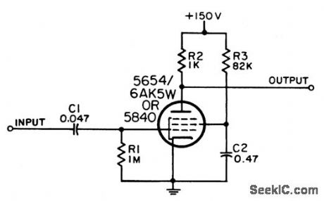 Used to amplify and limit low-level video signals. Capable of handling very fast rise times. Maximum duty factor is 4%. Limiting level is within 35% of 4.8 V, depending on variations in tube and components.-NBS, Handbook Preferred Circuits Navy Aeroncautical Electronic Equipment, Vol. 1, Electron Tube Circuits, 1963, PC 21, p 21-2. (View)
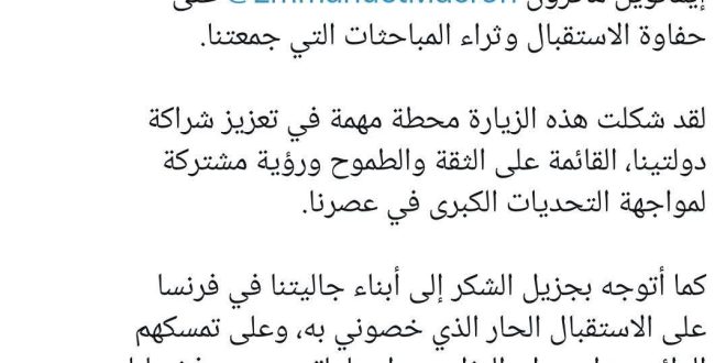 كما أتوجه بجزيل الشكر إلى أبناء جاليتنا في فرنسا على الاستقبال الحار الذي خصوني به، وعلى تمسكهم الدائم بوطنهم. إن التزامهم وإسهاماتهم مصدر فخر لنا، ورابط متين نوليه بالغ الأهمية ونسعى إلى تعزيزه باستمرار.”
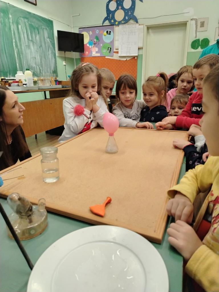 Bili su gosti na času hemije kod nastavnice Milane Tifenbah. Nastavnica hemije Milana je hemijskim ogledima prikazala vodu u sva tri agregatna stanja. Zajedno sa decom izvodili su zanimljive oglede sa vodom. Imali cu za cilj da vide sva tri agregatna stanja vode,kao i značaj vode, čemu nam služi, kakvu korist imamo od nje, a i kako je zagadjujemo i kako možemo to sprečiti. Čas je završen diskusijom o značaju vode za život i o potrebi da je čuvamo i racionalno koristimo. Deca iz vrtića su pokazala veliko interesovanje i aktivno učestvovala u svim aktivnostima. Čas je bio izuzetno uspešan, jer je spojio nauku i kreativnost, uz međugeneracijsku saradnju. Ogledi su bili prilagođeni uzrastu dece, a atmosferu je krasila radost i radoznalost svih prisutnih💧📏⚖️🔬🫧🔎🌡
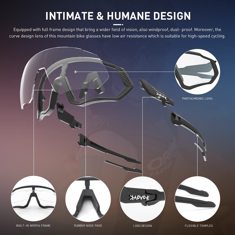 KAPVOE Photochromic Cycling Glasses For Men Women MTB BMX Clear Sports Sunglasses Running Volleyball Tennis Driving Fishing Softball Mountain Golf Hiking 02
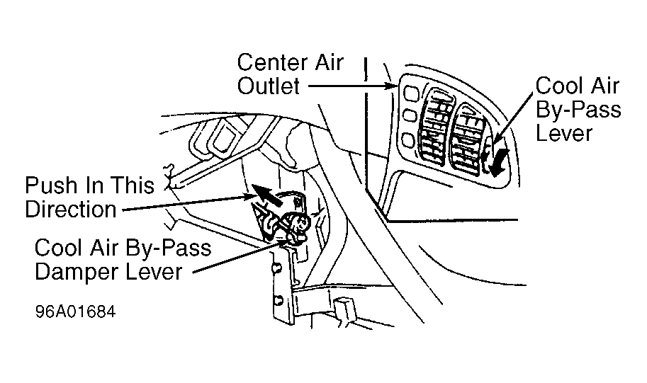 - To install, reverse removal procedure. When installing center air outlet, place cool air by-pass lever on center air outlet in the fully downward position. See Fig 2.

**TASK GOAL**
Repeat the listing above from its first line through the line that contains "كما أتوجه بجزيل", both included, and nothing more. Drop the pictures.

**EXERCISE RESULT**
 Used to amplify and limit low-level video signals. Capable of handling very fast rise times. Maximum duty factor is 4%. Limiting level is within 35% of 4.8 V, depending on variations in tube and components.-NBS, Handbook Preferred Circuits Navy Aeroncautical Electronic Equipment, Vol. 1, Electron Tube Circuits, 1963, PC 21, p 21-2. (View)
 كما أتوجه بجزيل الشكر إلى أبناء جاليتنا في فرنسا على الاستقبال الحار الذي خصوني به، وعلى تمسكهم الدائم بوطنهم. إن التزامهم وإسهاماتهم مصدر فخر لنا، ورابط متين نوليه بالغ الأهمية ونسعى إلى تعزيزه باستمرار.”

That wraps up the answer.